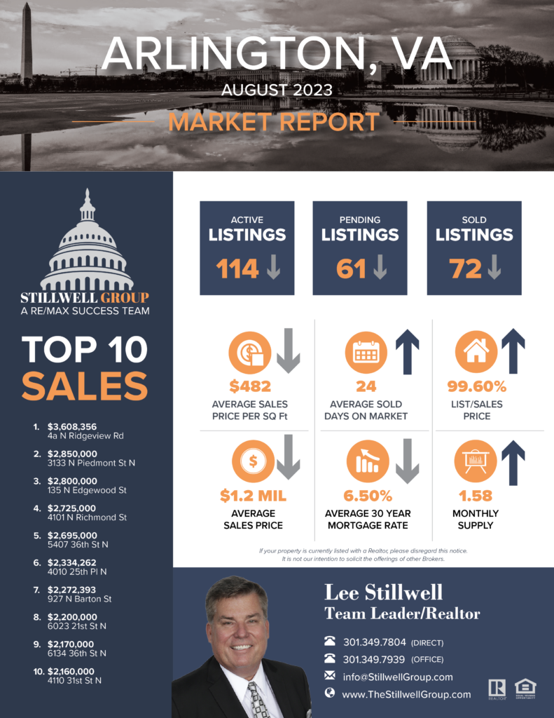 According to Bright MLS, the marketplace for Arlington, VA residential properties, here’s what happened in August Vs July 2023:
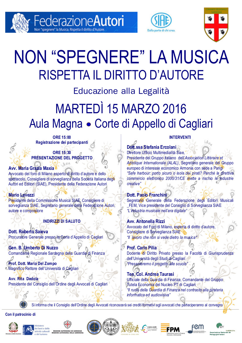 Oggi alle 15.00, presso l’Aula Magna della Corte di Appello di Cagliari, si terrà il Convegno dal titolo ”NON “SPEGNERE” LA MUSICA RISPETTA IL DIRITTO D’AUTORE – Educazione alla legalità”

...

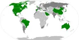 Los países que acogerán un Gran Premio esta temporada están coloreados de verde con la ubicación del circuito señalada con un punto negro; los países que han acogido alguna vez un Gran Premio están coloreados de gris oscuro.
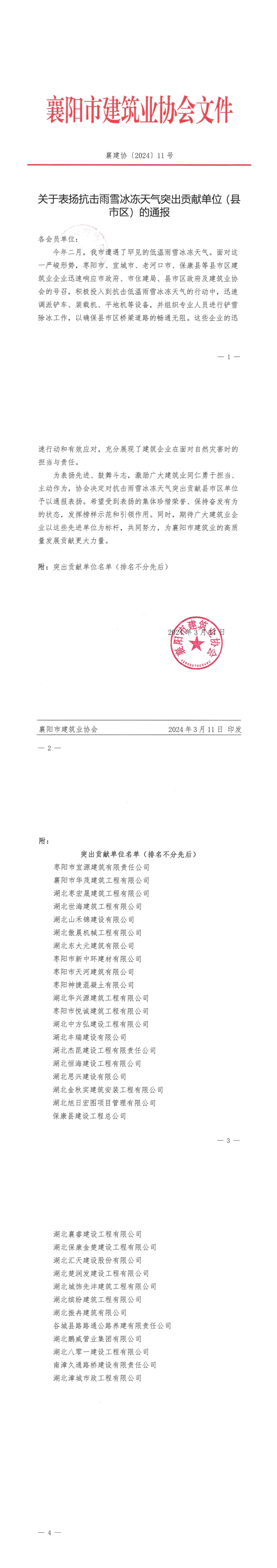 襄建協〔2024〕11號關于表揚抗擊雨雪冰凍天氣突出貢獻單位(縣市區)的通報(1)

- YOUR OBJECTIVE -
Above are the records. Copy word for word only their lines from the one holding "According to Bright" through the one holding "Oggi alle 15.00, presso", both included, and skip the images.

- WRITTEN SOLUTION -
 According to Bright MLS, the marketplace for Arlington, VA residential properties, here’s what happened in August Vs July 2023:
 Oggi alle 15.00, presso l’Aula Magna della Corte di Appello di Cagliari, si terrà il Convegno dal titolo ”NON “SPEGNERE” LA MUSICA RISPETTA IL DIRITTO D’AUTORE – Educazione alla legalità”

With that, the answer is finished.